According to Tronstad, 99 percent of all animal species are invertebrates, and they account for 93 percent of the earth’s biomass. That means if the weight of all the world’s creatures was combined, spineless creatures would account for 93 percent of the total.

Over 3,000 species of invertebrates have been identified in Wyoming, Tronstad said, and she estimates there are still scores that remain unknown. “I’m working on that – and I think I’ll be working on that for the rest of my career,” she said. “You can go down to the lice on a prairie dog – there’s a lot of (invertebrates) out there.”

Tronstad said that, although in neighboring states 16 species of invertebrates have been listed as endangered, none are currently listed in Wyoming.
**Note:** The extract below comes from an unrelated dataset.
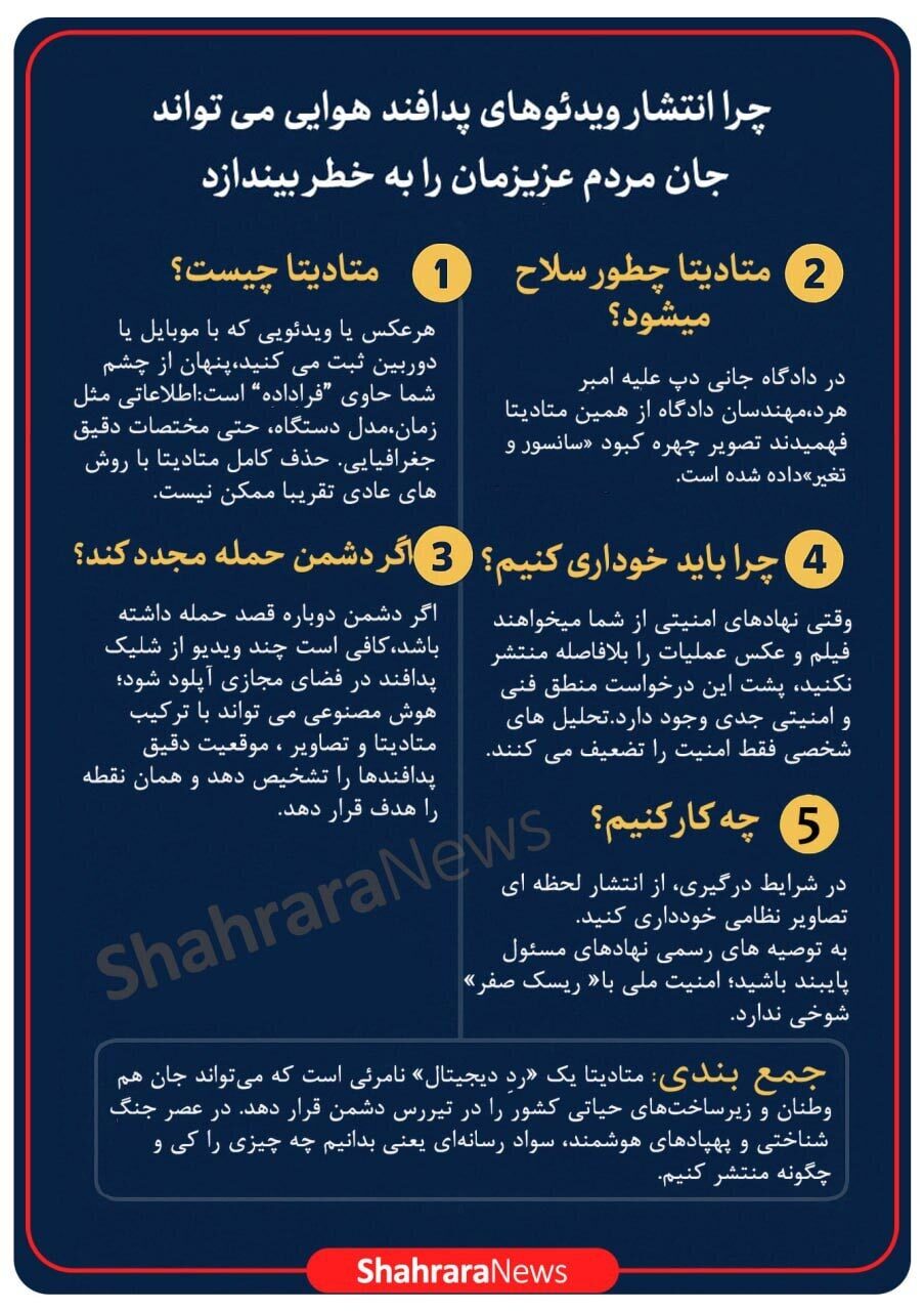 اینفوگرافی| چرا انتشار ویدئوهای پدافند هوایی می‌تواند جان مردم عزیزمان را به خطر بیندازد؟

Petitions are active to add five Wyoming species to the list – the western bumblebee, yellow banded bumblebee, regal fritillary, narrow-footed hygrotus diving beetle and monarch butterfly. Tronstad described herself as a neutral data collector who wants to give relevant agencies the best possible information to make decisions.

Getting that information can require some creativity. In order to track individual rocky mountain snail specimens, she said she and her daughter would mark the snails with “snail polish” – a dot of nail polish applied to the snail’s shell. Since the creatures are so slow-moving, averaging about 10 feet per week, Tronstad can frequently find those that she’s marked when returning to the same area weeks or even months later.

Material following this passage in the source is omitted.